[Data records]

^^^^

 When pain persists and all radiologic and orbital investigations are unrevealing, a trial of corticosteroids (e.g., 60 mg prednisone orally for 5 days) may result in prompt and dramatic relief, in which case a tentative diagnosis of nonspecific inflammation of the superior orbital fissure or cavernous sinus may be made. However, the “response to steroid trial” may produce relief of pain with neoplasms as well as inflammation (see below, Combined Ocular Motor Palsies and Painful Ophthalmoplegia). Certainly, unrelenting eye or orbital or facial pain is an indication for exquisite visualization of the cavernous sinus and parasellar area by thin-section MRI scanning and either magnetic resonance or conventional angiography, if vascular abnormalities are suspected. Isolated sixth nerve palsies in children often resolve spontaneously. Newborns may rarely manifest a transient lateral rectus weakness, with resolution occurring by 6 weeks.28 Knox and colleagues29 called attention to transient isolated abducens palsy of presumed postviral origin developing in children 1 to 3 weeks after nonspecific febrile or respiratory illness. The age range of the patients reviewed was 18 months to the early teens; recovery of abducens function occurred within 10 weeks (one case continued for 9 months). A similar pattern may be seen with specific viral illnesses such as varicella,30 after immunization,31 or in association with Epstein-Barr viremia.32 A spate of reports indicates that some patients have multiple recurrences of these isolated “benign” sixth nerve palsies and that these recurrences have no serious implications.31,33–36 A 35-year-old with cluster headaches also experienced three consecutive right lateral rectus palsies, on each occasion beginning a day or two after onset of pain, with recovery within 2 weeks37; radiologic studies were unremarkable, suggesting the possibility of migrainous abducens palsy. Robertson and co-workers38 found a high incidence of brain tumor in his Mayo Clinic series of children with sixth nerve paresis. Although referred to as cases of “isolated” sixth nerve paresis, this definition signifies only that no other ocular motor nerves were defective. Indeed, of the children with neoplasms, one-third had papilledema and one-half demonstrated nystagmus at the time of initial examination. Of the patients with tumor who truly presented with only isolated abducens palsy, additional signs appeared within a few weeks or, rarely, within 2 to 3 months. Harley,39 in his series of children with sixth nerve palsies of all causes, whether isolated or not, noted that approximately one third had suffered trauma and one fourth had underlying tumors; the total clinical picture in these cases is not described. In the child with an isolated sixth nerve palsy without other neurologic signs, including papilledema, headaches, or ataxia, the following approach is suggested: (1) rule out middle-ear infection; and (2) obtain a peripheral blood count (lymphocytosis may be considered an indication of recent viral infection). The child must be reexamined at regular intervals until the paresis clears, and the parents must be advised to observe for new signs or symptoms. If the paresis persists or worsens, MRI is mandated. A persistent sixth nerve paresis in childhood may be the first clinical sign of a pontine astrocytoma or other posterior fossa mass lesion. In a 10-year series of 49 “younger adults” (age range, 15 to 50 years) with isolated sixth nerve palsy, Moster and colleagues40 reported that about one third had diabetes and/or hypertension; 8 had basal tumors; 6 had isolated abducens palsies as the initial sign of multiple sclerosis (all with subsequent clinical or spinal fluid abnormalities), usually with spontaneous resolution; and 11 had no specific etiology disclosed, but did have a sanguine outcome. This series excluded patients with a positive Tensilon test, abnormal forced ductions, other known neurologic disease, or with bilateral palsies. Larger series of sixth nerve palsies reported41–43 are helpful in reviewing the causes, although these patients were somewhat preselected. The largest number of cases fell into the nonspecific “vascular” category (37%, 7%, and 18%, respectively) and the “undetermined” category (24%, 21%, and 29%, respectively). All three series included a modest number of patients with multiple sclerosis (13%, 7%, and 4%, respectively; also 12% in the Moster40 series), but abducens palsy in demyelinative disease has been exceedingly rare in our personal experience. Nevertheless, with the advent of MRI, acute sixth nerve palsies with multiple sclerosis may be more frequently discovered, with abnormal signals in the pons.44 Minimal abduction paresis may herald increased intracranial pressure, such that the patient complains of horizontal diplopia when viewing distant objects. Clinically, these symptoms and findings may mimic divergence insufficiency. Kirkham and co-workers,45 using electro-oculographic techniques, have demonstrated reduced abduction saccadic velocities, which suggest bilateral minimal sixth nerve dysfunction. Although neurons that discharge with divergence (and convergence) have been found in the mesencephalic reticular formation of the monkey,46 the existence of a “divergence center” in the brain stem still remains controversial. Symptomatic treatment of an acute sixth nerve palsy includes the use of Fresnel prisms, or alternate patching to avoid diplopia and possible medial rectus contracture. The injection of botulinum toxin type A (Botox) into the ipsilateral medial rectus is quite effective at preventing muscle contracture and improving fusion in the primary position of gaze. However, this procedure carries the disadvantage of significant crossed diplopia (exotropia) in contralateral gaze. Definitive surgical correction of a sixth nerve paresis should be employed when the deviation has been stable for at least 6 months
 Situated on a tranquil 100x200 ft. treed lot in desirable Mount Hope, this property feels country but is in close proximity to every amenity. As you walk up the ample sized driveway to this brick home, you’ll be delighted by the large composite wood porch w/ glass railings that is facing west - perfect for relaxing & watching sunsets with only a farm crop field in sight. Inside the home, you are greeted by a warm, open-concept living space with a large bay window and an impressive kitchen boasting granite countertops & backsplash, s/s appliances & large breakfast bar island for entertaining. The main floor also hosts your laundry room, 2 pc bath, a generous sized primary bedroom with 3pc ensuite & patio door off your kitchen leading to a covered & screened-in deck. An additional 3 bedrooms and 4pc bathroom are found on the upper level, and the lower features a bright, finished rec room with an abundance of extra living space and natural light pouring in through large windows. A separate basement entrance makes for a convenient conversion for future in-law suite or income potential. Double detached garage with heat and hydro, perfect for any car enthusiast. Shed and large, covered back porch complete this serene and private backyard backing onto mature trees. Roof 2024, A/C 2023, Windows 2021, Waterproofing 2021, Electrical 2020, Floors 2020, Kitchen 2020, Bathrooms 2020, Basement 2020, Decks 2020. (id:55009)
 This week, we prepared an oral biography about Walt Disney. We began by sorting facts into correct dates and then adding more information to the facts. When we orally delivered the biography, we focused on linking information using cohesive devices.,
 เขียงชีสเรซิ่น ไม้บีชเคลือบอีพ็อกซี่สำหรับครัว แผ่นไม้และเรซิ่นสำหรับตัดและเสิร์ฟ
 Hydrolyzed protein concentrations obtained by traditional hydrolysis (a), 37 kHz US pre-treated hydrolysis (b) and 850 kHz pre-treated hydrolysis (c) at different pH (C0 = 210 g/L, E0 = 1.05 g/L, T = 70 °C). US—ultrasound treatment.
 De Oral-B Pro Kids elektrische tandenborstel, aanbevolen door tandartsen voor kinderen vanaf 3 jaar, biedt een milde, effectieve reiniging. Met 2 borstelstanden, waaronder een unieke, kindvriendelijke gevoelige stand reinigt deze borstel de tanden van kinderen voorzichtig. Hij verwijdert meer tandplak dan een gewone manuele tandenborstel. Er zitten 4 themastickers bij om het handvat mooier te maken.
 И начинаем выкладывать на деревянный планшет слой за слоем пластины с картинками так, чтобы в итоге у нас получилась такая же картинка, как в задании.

^^^^

Output the line bearing "Hydrolyzed protein concentrations" along with all the lines after it through the end of the entries, exactly, and no other lines.

 Hydrolyzed protein concentrations obtained by traditional hydrolysis (a), 37 kHz US pre-treated hydrolysis (b) and 850 kHz pre-treated hydrolysis (c) at different pH (C0 = 210 g/L, E0 = 1.05 g/L, T = 70 °C). US—ultrasound treatment.
 De Oral-B Pro Kids elektrische tandenborstel, aanbevolen door tandartsen voor kinderen vanaf 3 jaar, biedt een milde, effectieve reiniging. Met 2 borstelstanden, waaronder een unieke, kindvriendelijke gevoelige stand reinigt deze borstel de tanden van kinderen voorzichtig. Hij verwijdert meer tandplak dan een gewone manuele tandenborstel. Er zitten 4 themastickers bij om het handvat mooier te maken.
 И начинаем выкладывать на деревянный планшет слой за слоем пластины с картинками так, чтобы в итоге у нас получилась такая же картинка, как в задании.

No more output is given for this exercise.